Benefits of NaNoWriMo

For those who don’t know, NaNoWriMo (National Novel Writing Month) is fast approaching. The idea is to complete an entire novel over the course of November, as the name suggests. According to their website, a novel is about 50,000 words long. While this may seem daunting and stressful, there are, obviously, benefits to it as well. Here are five reasons why I’m excited for NaNoWriMo:

  1. Completion. The most obvious benefit here is having an entire full length novel. No longer are you stuck in the dreaded land of “someday”. This is what I am, personally, most excited about.
  2. Discipline. If you find yourself struggling to find the discipline, like myself, to write every day, this will force you to build it.
  3. Deadlines. In the same vein as the last reason, you will be able to work with deadlines, set by yourself and ultimately set by someone else, in a relatively low stakes environment.
  4. Improv. Because there isn’t a lot of time to plan your novel out, you will learn to second guess yourself less, choosing to run with your first thought more often than not, concerning the current decision you have to make in your novel.
  5. Community. If you need some encouragement, or would like to discuss your NaNoWriMo woes, there is always another writer who would be willing to discuss that with you. If you aren’t able to find anyone around you who is participating, this database could help you find a group of writers near you. Or, if you’d rather stay in your office, there are plenty of places to reach out to your fellow writers online. Also there to encourage you are Pep Talks, written by successful novelists of every kind, which you can find here. I’ve found Neil Gaiman’s, specifically, to be a great source of encouragement.

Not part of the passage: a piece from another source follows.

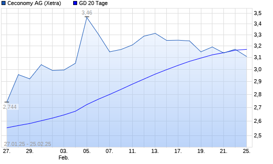 Mit dem Rücksetzer auf 3,14 EUR hat die Ceconomy St-Aktie am 24.02.2025 die 20-Tage-Linie nach unten gekreuzt.Die Ceconomy St-Aktie befindet sich seit dem 29.01.2025 im langfristigen Aufwärtstrend ...weiterlesen

In case these reasons aren’t convincing enough, consider the success of Water for Elephants, by Sara Gruen. Before it was brought to life by Reese Witherspoon and Robert Pattinson on the big screen, it had humble beginnings as a NaNoWriMo project. Other examples, Fangirl by Rainbow Rowell, or The Night Circus by Erin Morgenstern. The bottom line here is that something like this is not going to waste your time as an author, because you will always get something good out of it. Even if it still seems to be a bit too much, I encourage you to venture into it, and, hopefully, surprise yourself.